= PROMPT =
Reproduce all of the data below without alteration; exclude every picture.

= DATA EXTRACT =

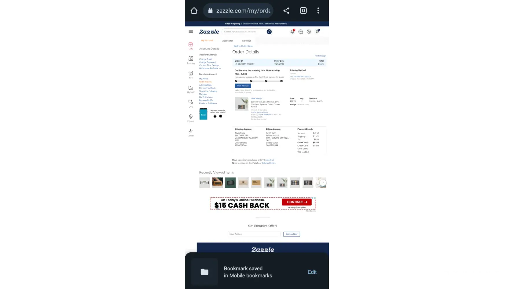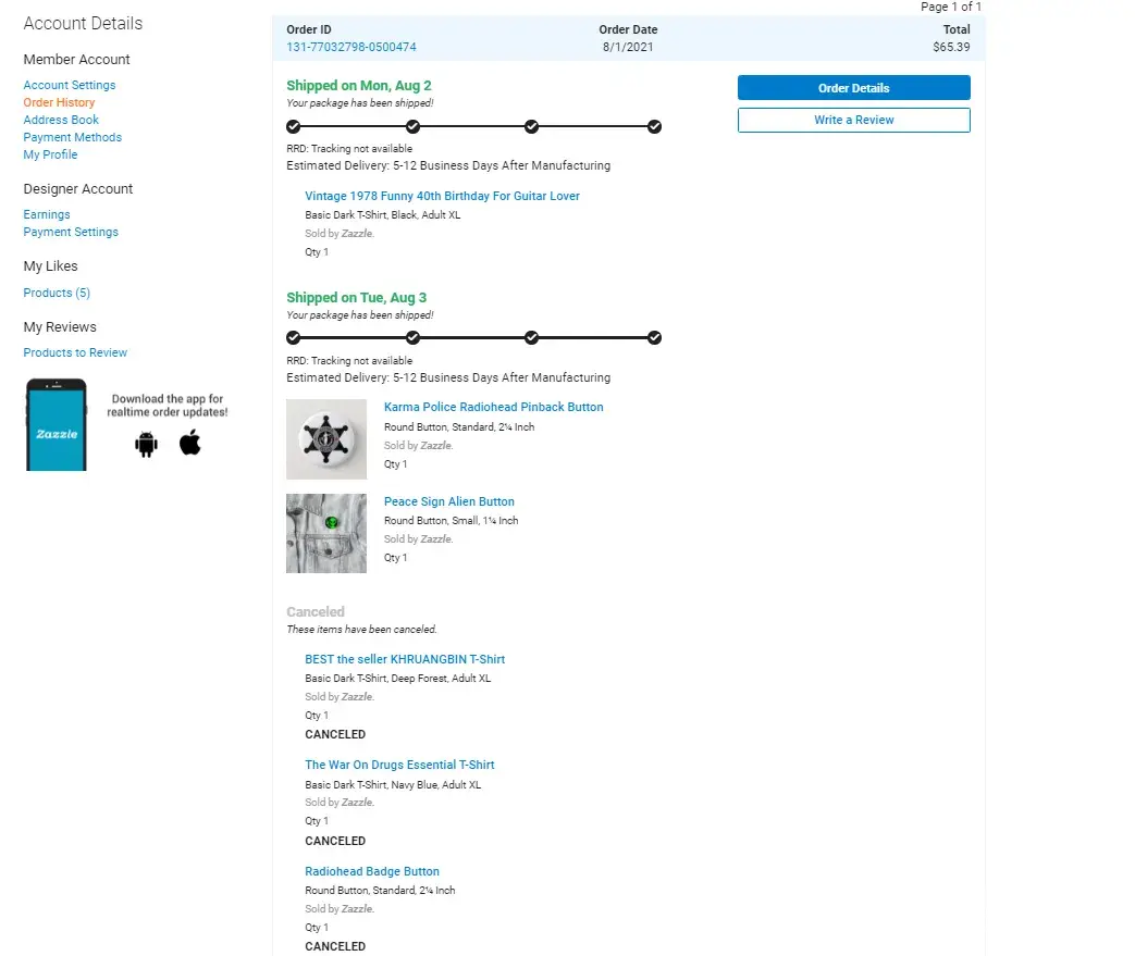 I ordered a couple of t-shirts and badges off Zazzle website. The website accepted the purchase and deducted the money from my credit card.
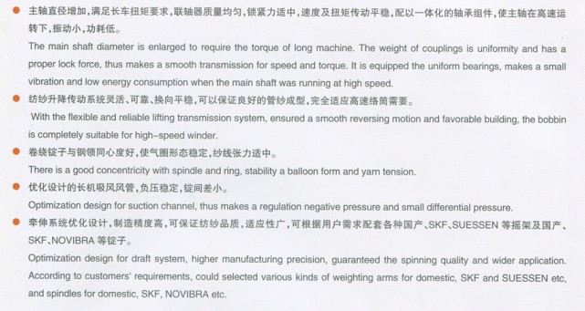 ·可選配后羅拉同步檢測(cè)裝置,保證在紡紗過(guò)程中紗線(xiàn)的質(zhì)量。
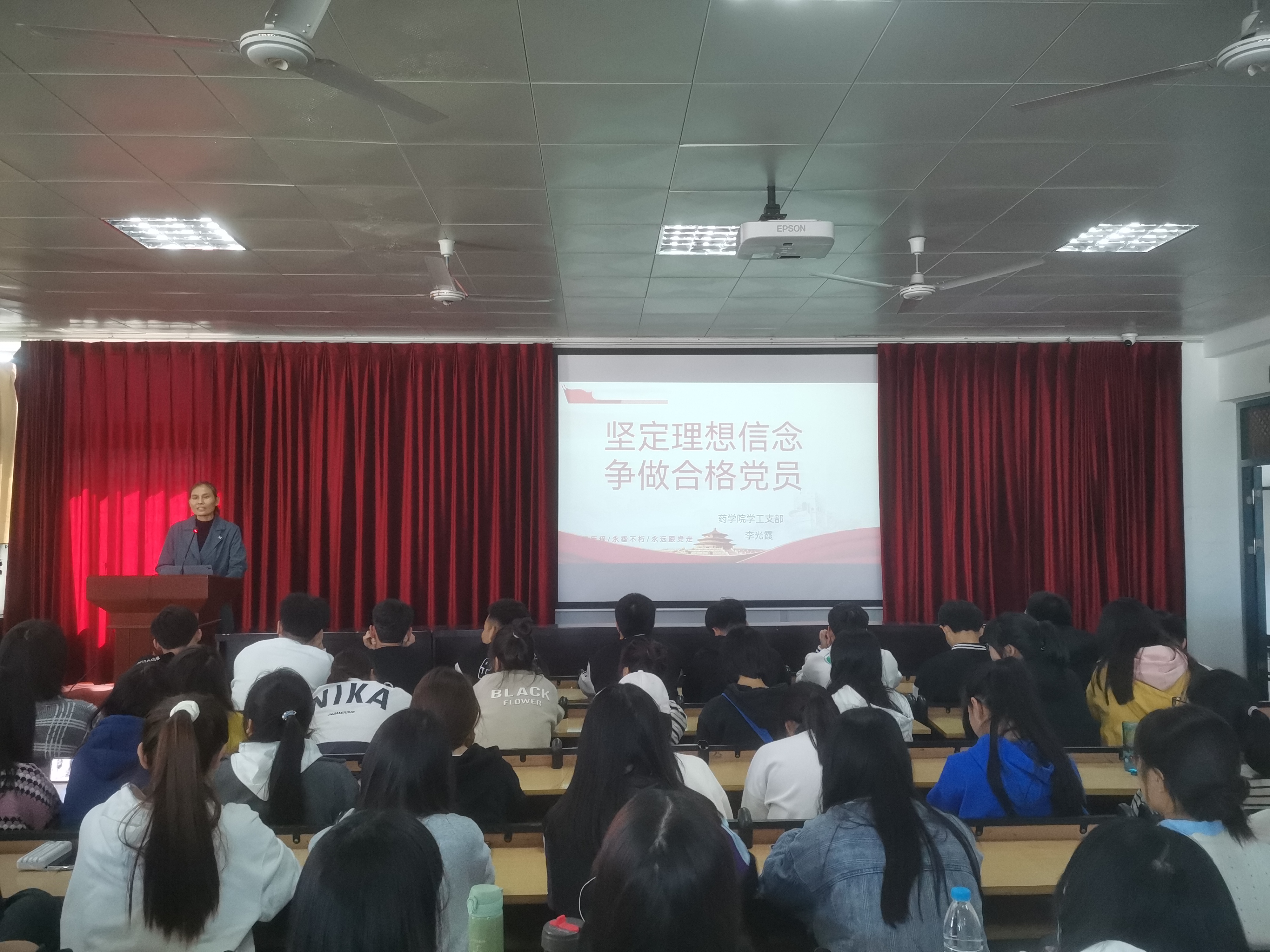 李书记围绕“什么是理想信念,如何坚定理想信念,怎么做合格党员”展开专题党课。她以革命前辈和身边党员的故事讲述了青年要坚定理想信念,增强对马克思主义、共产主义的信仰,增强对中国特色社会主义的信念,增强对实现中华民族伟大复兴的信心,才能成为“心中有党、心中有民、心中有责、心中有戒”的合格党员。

= RESULT OF THE TASK =
 I ordered a couple of t-shirts and badges off Zazzle website. The website accepted the purchase and deducted the money from my credit card.
 ·可選配后羅拉同步檢測(cè)裝置,保證在紡紗過(guò)程中紗線(xiàn)的質(zhì)量。
 李书记围绕“什么是理想信念,如何坚定理想信念,怎么做合格党员”展开专题党课。她以革命前辈和身边党员的故事讲述了青年要坚定理想信念,增强对马克思主义、共产主义的信仰,增强对中国特色社会主义的信念,增强对实现中华民族伟大复兴的信心,才能成为“心中有党、心中有民、心中有责、心中有戒”的合格党员。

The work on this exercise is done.